Do This
Scripture: Isaiah 25:6-9 (The Message)
Preacher: Rev. Lindsey Hubbard-Groves
Sermon
May the words of my mouth and the meditations of all our hearts help us to know the words of Saint Paul, that “as we have borne the image of the earthly, we shall also bear the image of the heavenly.” —1 Corinthians 15:49 Amen.
And as we have borne the image of the earth(l)y, we shall also bear the image of the heavenly. From the get-go, this line of scripture is funny because in some translations it’s earth-y and in others it’s earth-ly. Either way, I found this verse aptly underlined in my Grandfather’s WWII pocket Bible just a day or so after he died.
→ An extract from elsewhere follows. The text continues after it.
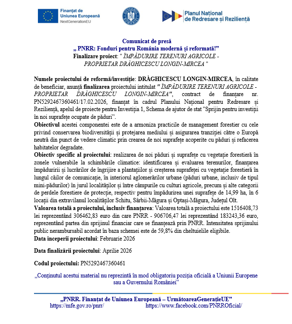 Finalizare proiect: ” ÎMPĂDURIRE TERENURI AGRICOLE – PROPRIETAR DRĂGHICESCU LONGIN-MIRCEA ”Numele proiectului de reformă/investiție: DRĂGHICESCU LONGIN-MIRCEA, în calitate de beneficiar, anunță finalizarea proiectului intitulat ” ÎMPĂDURIRE TERENURI AGRICOLE – PROPRIETAR DRĂGHICESCU LONGIN-MIRCEA”, contract de finanțare nr. PN5292467360461/17.02.2026, finanțat în cadrul Planului Național pentru Redresare și Reziliență, apelul de proiecte pentru Investiția 1, Schema de ajutor de stat „Sprijin pentru investiții în noi suprafețe ocupate de păduri”.

I was sort of amazed at how easily I had come across this verse that would be perfect for any sort of memorial we’d put together with family in the days and months ahead. I also wondered to myself, hmmm, and then to my grandmother: “Grammy, do you think PaBaer underlined this for the same reason I think he underlined this?”
His middle name was Baer, so we called him PaBaer, and my grandmother and I were now laughing because we were pretty sure this man’s twenty-something-self had likely underlined a Bible verse we now found reassuring because he saw his name in it. As we have borne the image of the earthly, so we shall bear the heavenly.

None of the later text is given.